Brexit Baton Passes to the Lords
The journey of Britain’s departure from the EU, and the destination at which it’ll arrive outside it, has been clarified significantly. Immediately after the Referendum, it was unclear whether David Cameron would honour his pledge made during the campaign to invoke Article 50 – the legal mechanism for leaving the EU – without delay. Britain’s future relationship with the EU was equally unknown. Now we are a good way closer to knowing when Theresa May will give formal notice of our notice and what her Government is aiming for in the UK-EU negotiations ahead.
This blog post will update you on the latest developments since last we wrote on Brexit, what it’ll mean for your business and how Khaos Control, a superior small business management solution, will help grow your company as the Brexit saga continues.

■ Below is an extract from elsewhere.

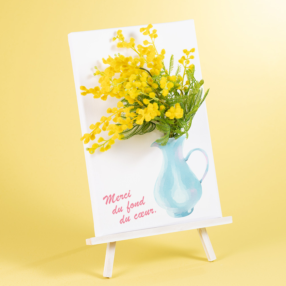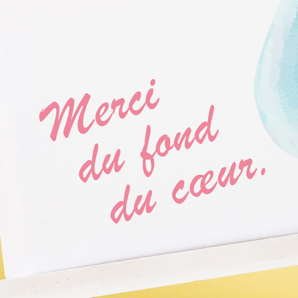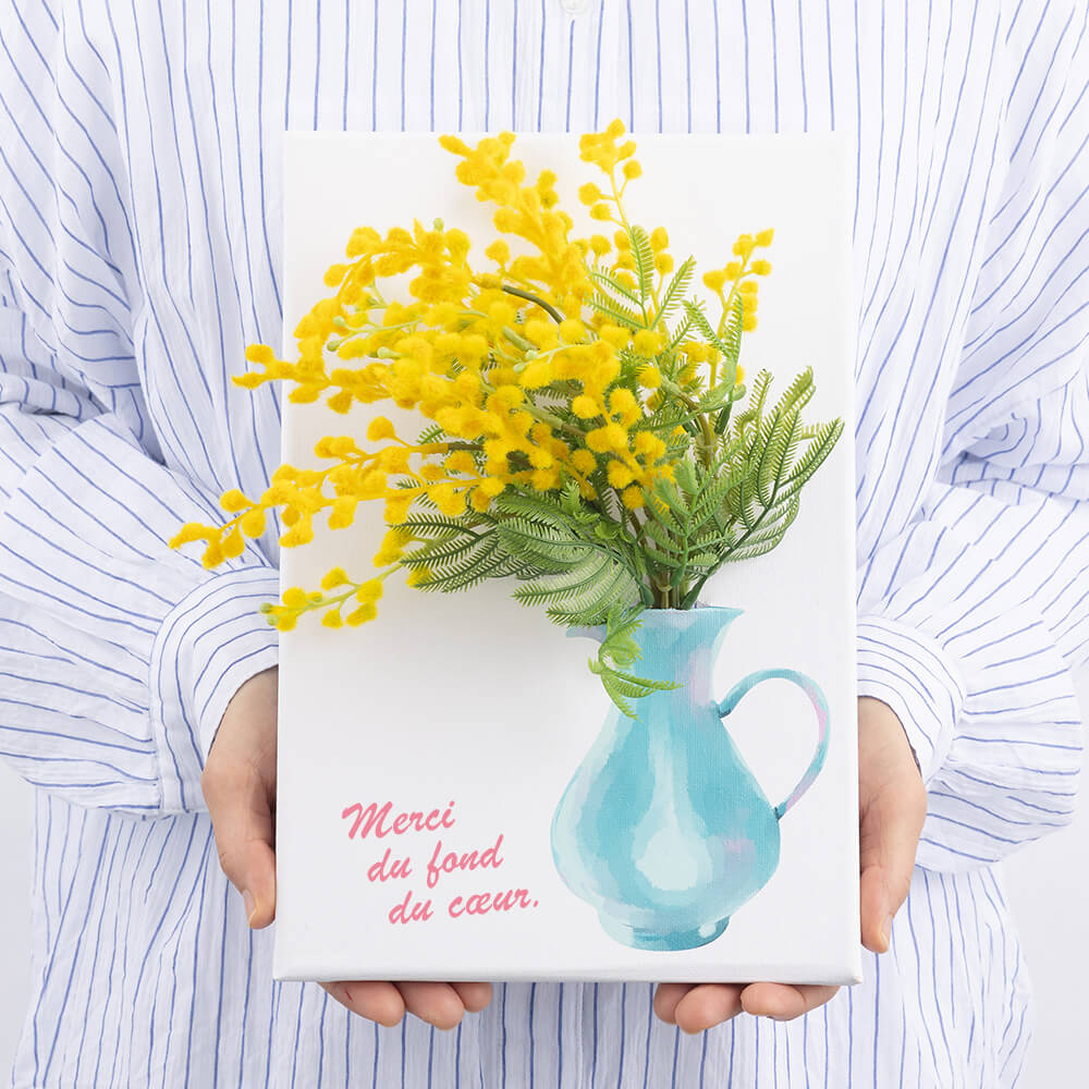 油絵風に描いたオリジナルのフラワーベースに、色鮮やかなブルーのアートフラワーをデザインし、「心からありがとう」を意味するフランス語をサインのように書き添えました。イラストはキャンバス風のファブリックボードに専用の機械でプリントされています。壁のピクチャーレールや押しピンに、ボード背面のくぼみをひっかけると、まるで絵画を飾ったような雰囲気に。

Future historians will look back to Prime Minister May’s 17th January Lancaster House speech as the moment the flavour of Brexit Britain would experience came into focus.
Brexit would mean access to, and not membership of, the European Single Market.
The Single Market enshrines the ‘four freedoms’, freedom of movement for goods, capital, services and people. And it was the last freedom, freedom of movement for people, the Government deemed incompatible with the message sent by Leave voters – that immigration be controlled.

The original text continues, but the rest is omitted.